Warming of the climate system is unequivocal, and since the 1950s, many of the observed  changes are unprecedented over decades to millennia. The atmosphere and ocean have warmed, the amounts of snow and ice have diminished, sea level has risen, and the concentrations of greenhouse gases have increased.

While the rise in temperatures has leveled off in recent years…

Each of the last three decades has been successively warmer at the Earth’s surface than any preceding decade since 1850…In the Northern Hemisphere, 1983–2012 was likely the warmest 30-year period of the last 1400 years (medium confidence).

And then there’s the punchline that is being widely reported today by media around the world:

It is extremely likely that human influence has been the dominant cause of the observed warming since the mid-20th century.

In that coverage, you’ll see a plethora of graphics from the IPCC report itself. And I’m sure I’ll be posting some of that in days to come as I have time to dissect the report. But for now, I thought I’d go with something different — a global map of carbon dioxide concentrations in the atmosphere, published yesterday by NASA’s Earth Observatory. It’s the graphic up top.

When the IPCC says “human influence” has been the dominant cause of climate change, they’re talking in large measure about carbon dioxide — the greenhouse gas that is having the greatest impact. (But others are certainly important too. Methane, for example.) And the map, based on data from the Atmospheric Infrared Sounder, or AIRS instrument, on NASA’s Aqua satellite, shows how it was distributed around the globe during May in the troposphere, the part of the atmosphere where most weather happens.

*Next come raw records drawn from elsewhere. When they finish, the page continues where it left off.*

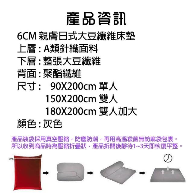 A類針織緹花 6cm 大豆纖維 床墊 灰90x200(單人/IKEA美規/大豆纖維/軟床墊)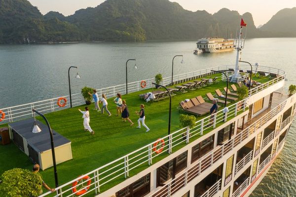 11:30 – 12:00: Arrive in Tuan Chau Wharf – transfer by small boat to Magenta Cruises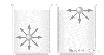 上图左边表示的是液体内部的水分子,受到周边水分子各个方向均匀的吸引力,合力为零;右边表示处于表面的水分子,受到下方水分子的吸引力,上方无水分子不存在吸引力,这样下方水分子合力不为零,方向往液体内部。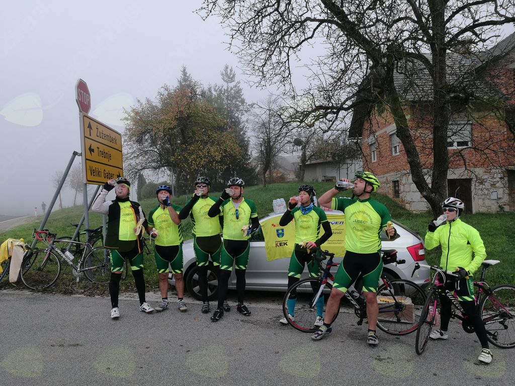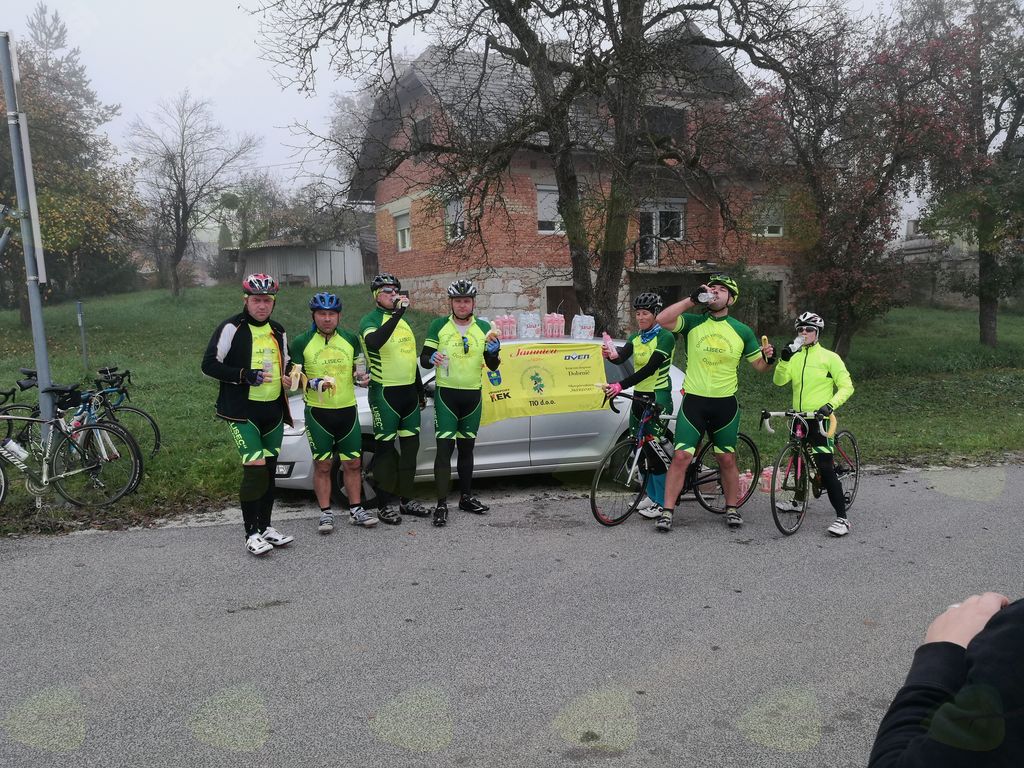 V društvu smo imeli plan kolesarjenja že v septembru, vendar smo zaradi slabega vremena prestavili na 15. oktober. Tudi ta dan niso bile vremenske razmere naklonjene kolesarjenju, saj je bilo kljub prestaviti ure starta, še vedno precej megleno. Pogumni kolesarji so, ne glede na vremenske razmere, startali in kolesarili po planu. Večina se jih je odločilo za najdaljšo progo, ki so prevozili 45 km. Približno na sredini najdaljše poti je bil postanek, kjer jih je predstavnik »Jamnice« postregel tudi z njihovo vodo.

This is when the concentration of carbon dioxide in the atmosphere nudged above 400 parts per million for the first time in at least 800,000 years, and perhaps as many as 2.5 million years.

As the map shows, CO2 is not distributed evenly. There was more above the Northern Hemisphere than in the south. NASA attributes this to the measurements being taken in May, when seasonal plant growth — and thus removal of CO2 from the atmosphere by those plants — had not yet kicked into high gear. And since there’s more land area, and thus more plants, in the north than the south, this region dominates the seasonal CO2 pattern.

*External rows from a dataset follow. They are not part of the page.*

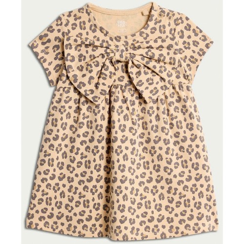 Cotton Rich Leopard Print Bow Dress in Tobacco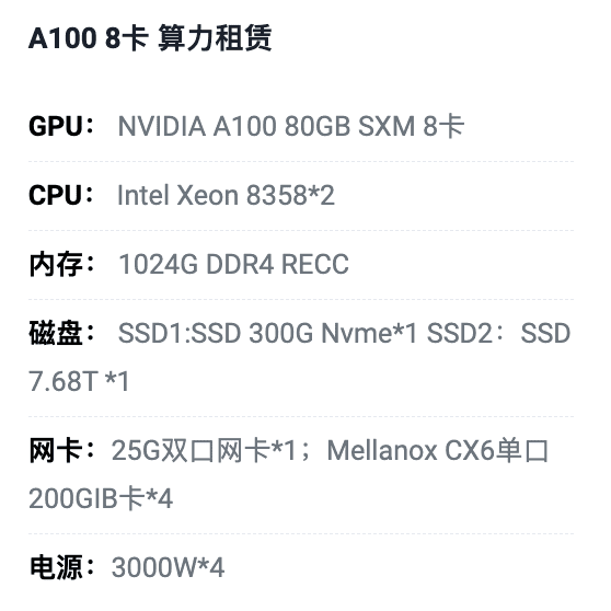 兰州A100八卡算力租用价格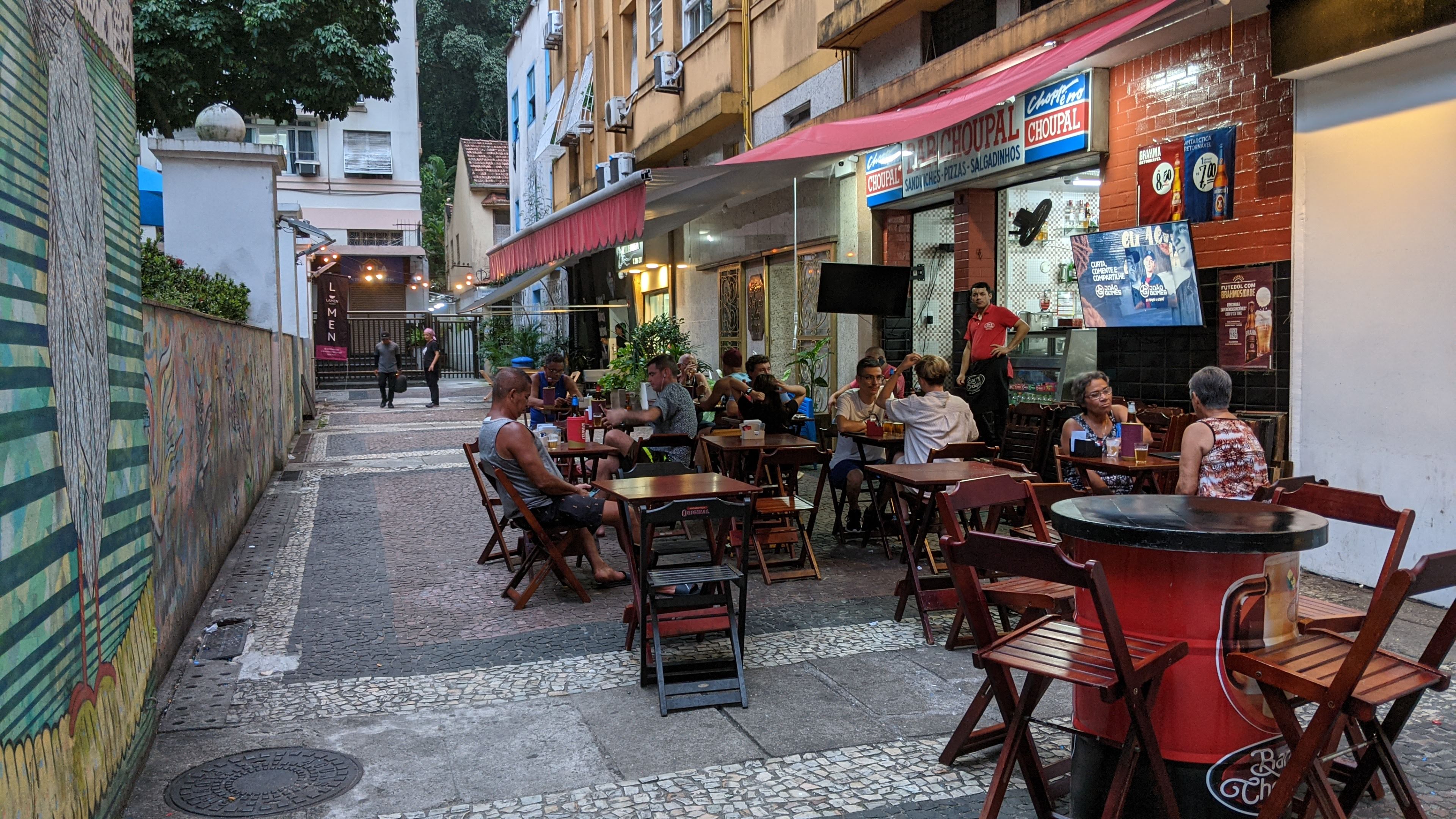 La “última noche”, seguí el flow. Fuimos con mis “bro” de cuarto (brasileros) fue para estar rodeado de brasileros y turistas extranjeros, la pasé genial. El lugar elegido fue en el centro de LAPA, Leviano Bar, una calle que cuenta con varios PUB. Hacía mucho que no me sentía rodeado de gente fantástica, algunas anécdotas de la noche. Compro dos tequilas para convidar a dos chicas muy lindas (las brasileras están en el TOP de las mujeres más hermosas del planeta), pero la mala suerte hizo que alguien volcara medio chupito de tequila, así que me terminé tomando un chupito y medio de tequila yo solo.

But that’s probably only part of the story. The other part is that most CO2-emitting industry, cars, etc. are located in the Northern Hemisphere.

One other thing to consider: Since May, CO2 concentrations in the Northern Hemisphere have dropped a bit below 400 ppm. This has occurred as Northern Hemisphere plant growth during the warm season has pulled some of the gas out of the atmosphere. Here’s the latest data from NOAA’s Earth Systems Research Laboratory:

Week beginning on September 15, 2013:     393.48 ppm
Weekly value from 1 year ago:     390.74 ppm
Weekly value from 10 years ago:     373.01 ppm

According to Pieter Tans of ESRL, it will take awhile longer for the global average of CO2 to increase to 400 parts per million — perhaps not until 2016.

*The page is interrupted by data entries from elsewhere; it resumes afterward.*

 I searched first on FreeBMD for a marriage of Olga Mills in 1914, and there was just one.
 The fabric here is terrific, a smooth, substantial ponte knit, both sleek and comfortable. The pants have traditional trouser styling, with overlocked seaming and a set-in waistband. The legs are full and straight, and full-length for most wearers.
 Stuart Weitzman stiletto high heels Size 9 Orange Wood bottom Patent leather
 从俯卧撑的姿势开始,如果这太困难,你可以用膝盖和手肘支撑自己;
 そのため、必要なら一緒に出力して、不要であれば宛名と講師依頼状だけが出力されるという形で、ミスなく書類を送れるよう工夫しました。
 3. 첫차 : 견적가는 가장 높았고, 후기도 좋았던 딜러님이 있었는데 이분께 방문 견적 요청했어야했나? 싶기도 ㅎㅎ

Stay tuned for more from the IPCC report…

  • Eric Gallant

    What if a warmer planet is good? There’s a lot of evidence showing that warmer climates are better for vertebrate biodiversity and much better for plant life.

    • Tom Yulsman

      Tell it to the Bangladeshis, the Maldivians and the Floridians.

      • Eric Gallant

        Tell it to the Canadians who enjoy more arable land, easier access to natural resources and navigable shipping lanes. (Florida…really? I was just there. Florida is fine.)

        • Tom Yulsman

          As their country disappears, I’m sure the 154.7 million people of Bangladesh will be so happy to know that Canada will be growing more wheat.

          As for Florida, it is not fine. Sea level rise is already exacerbating a number of significant problems. For example, salt water is intruding into aquifers that millions of residents depend on for their drinking water. During particularly high tides, sea water spews from Miami sewers. And the city is already raising the level of some streets that flood regularly during high tides and storm surges. Officially, they do not call it “adaptation to climate change.” But Miami officials have told me that this is exactly what it is.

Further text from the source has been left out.